Cell (2016)
Dir: Tod Williams
Graphic artist Clay Riddell (John Cusack MAPS TO THE STARS) arrives at the Boston airport and shortly after departing his plane calls his estranged wife (Clark Sarullo THE GHOST CLUB: SPIRITS NEVER DIE) and their young son. Mid conversation his mobile runs out of juice and he switches over to a pay phone as he's unable to find a free plug to charge his phone. As part of the set up as to what is about to happen, the film makers pack the opening with plenty of shots of people walking with a phone snugged to their ear. A loud, electronic noise erupts from the speaker of all phones in use. Anyone using their phone at the time foams at the mouth, shakes spastically and then sets out with speed and focus to kill the person in their line of sight or commit grievous bodily harm to themselves by bashing their heads into the closest concrete pillar or whatever is handy.
Amid the chaos of seemingly random violent attacks, Riddell hesitates as he is confused but is jolted into action when one of the 'phoners' turns his sights onto Riddell.
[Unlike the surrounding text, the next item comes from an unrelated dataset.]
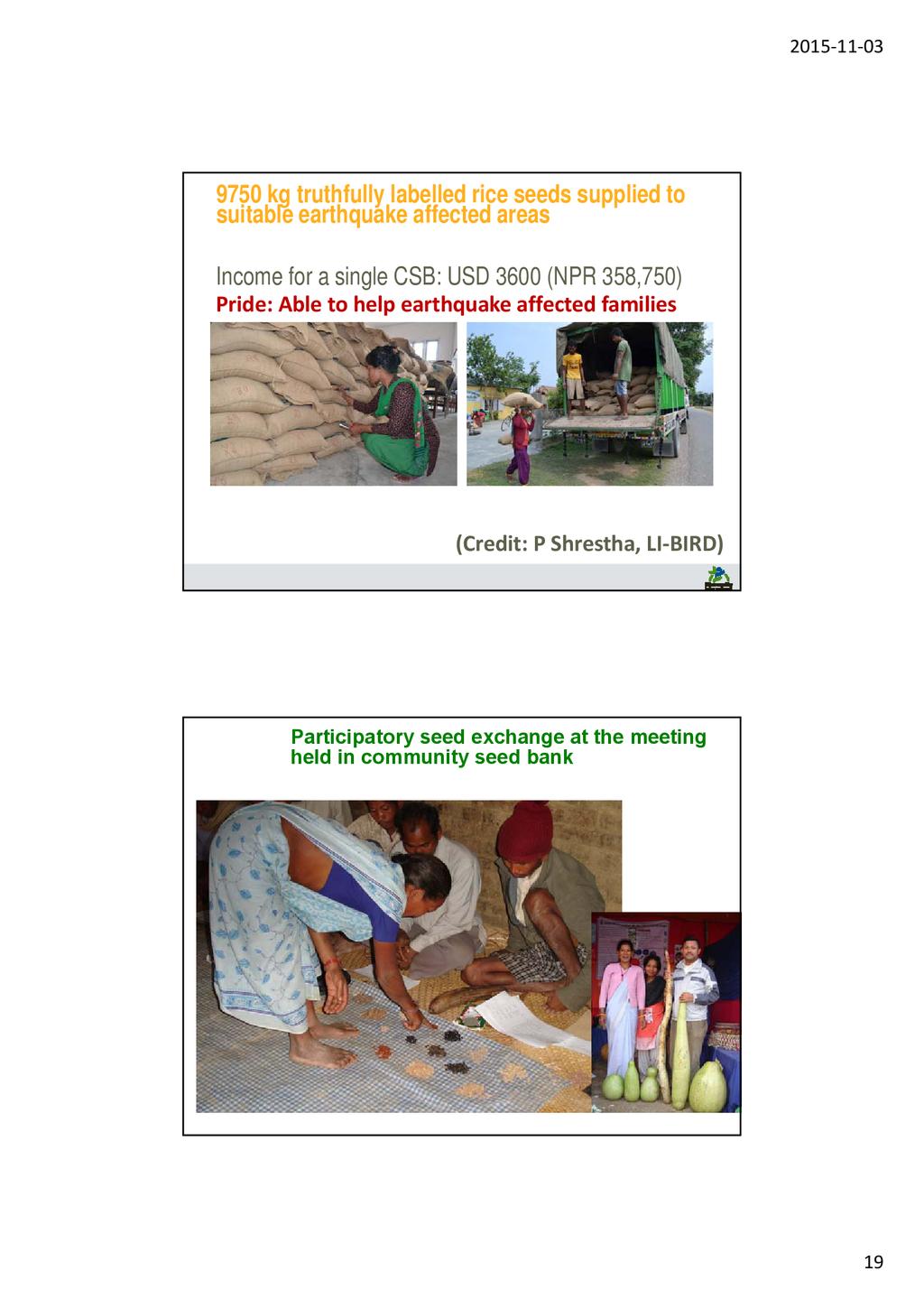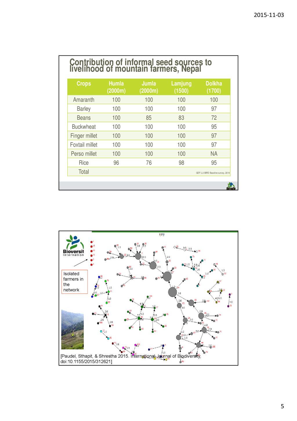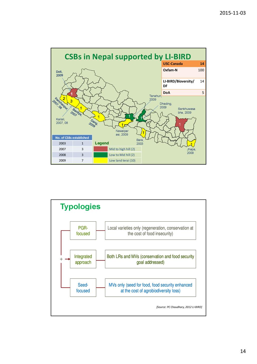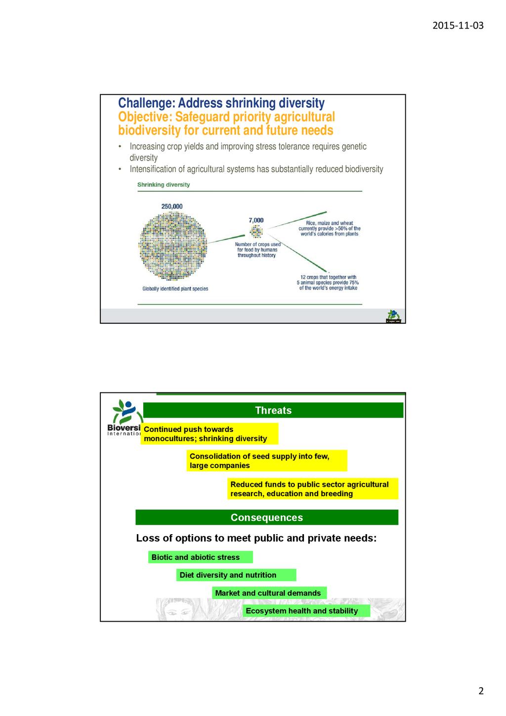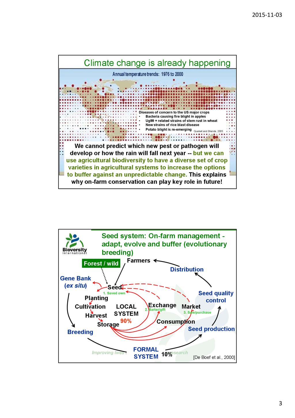 Speaker Bio: Bhuwon Sthapit is the Senior Scientist at Bioversity International. He earned a Ph.D. in Plant Breeding from the University of Wales, UK, and is a pioneer in participatory crop improvement methods. He has over 30 years of experience in implementing biodiversity related projects in Brazil, China, India, Indonesia, Malaysia, Nepal, South Africa, Sri Lanka, Thailand, Vanuatu, and Vietnam. His major research themes include: participatory methods to assess and use agricultural biodiversity, participatory crop improvement, in situ and on-farm conservation, home gardens, community-based biodiversity management, tropical fruits, and community seed banks. Bhuwon is currently coordinating two UNEP GEF Projects on Tropical Fruit Tree Diversity in India, Indonesia, Malaysia, and Thailand, and on GEF Project Integrating Traditional Mountain Crop Genetic Diversity for Food Security and Resilience in Nepal. He is also a founder member of the NGO, Local Initiatives for Biodiversity, Research and Development (LI-BIRD) in Nepal. He has been with Bioversity International since 1997 as in situ conservation specialist and is currently based in the Nepal Of ce as country representative. He has authored/co-authored over 320 publications.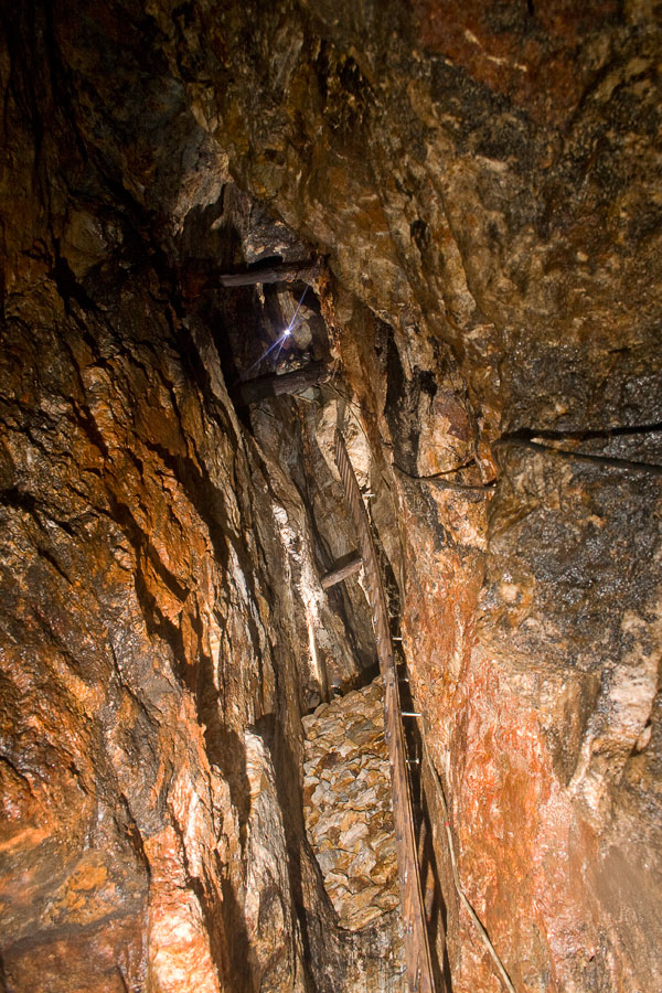 Die über den "Christof Stolln" erreichbare Zinnkammer der "Mauritius Fundgrube" nahe Hengstererben in einer Teilansicht.

Making a break for it he finds himself on the subway platform beneath the airport. The doors of the train car are open and a group of survivors of the initial carnage cluster nervously in the car waiting for it to depart the airport. Train driver, Vietnam vet, Tom McCourt (Samuel L. Jackson) explains to the group that the train isn't going anywhere. He and Riddell team together to escape on foot into the city proper.
The city has gone to hell in just a short time after the mysterious electronic noise erupted forth from mobile phones; cars are abandoned on the road, buildings are on fire, and cats and dogs are living together in the streets. Making their way to Riddell's nearby apartment they spend the night there to allow the shell shocked upstairs neighbour Alice (Isabelle Fuhrman ORPHAN) to join the team and for the viewer, in a bit of foreshadowing, to see a drawing of the hooded soon to be nemesis Raggedy (Joshua Mikel INTRUDERS) pinned to the wall. Riddell's plan is to make it to his wife and son as he has to know if they are still alive and McCourt and Alice tag along as they don't have anything better to do. In the morning the trio make their way on foot, meeting normals, no-so-normals and phoners who travel in flocks like birds and show up at just the right moment in an effort to inject some tension along the way.
I was on board for the first 20 - 30 minutes as the phoners are nothing more than fast moving zombies and our heroic trio pick up shotguns and pistols from a second amendment loving home in what I thought would be a fast paced zombie romp with a couple of big name stars adding a shred of gravitas to a derivative plot. Jackson and Cusak re-team in an opus written by Stephen King in an attempt by the producers to recapture some of the box office magic of the film 1408. It ain't happening. My first tip off should have been seeing Lloyd Kaufman wearing his usual loud jacket in the opening scene. By the time Stacy Keach (THE NINTH CONFIGURATION) appears as a school head master acting like he's the straight man in a comedy I'd given up all hope of the film recovering. The plot is negligible, there's little tension, the characters are drawn thinly and the ending is annoying. I like a bit of ambiguity in films when called for or the plot will support viewers looking for clues to answer the hanging questions left by the film makers. But this film! What is the origin of the electronic noise? Why does it turn people into zombies? Who is Raggedy and what does he have to do with the signal? And who thought the ending, which I've seen used in everything from a comic in EPIC magazine to the reboot of THE OUTER LIMITS, was a good idea? Was I suppose to read the book first? That ain't happening.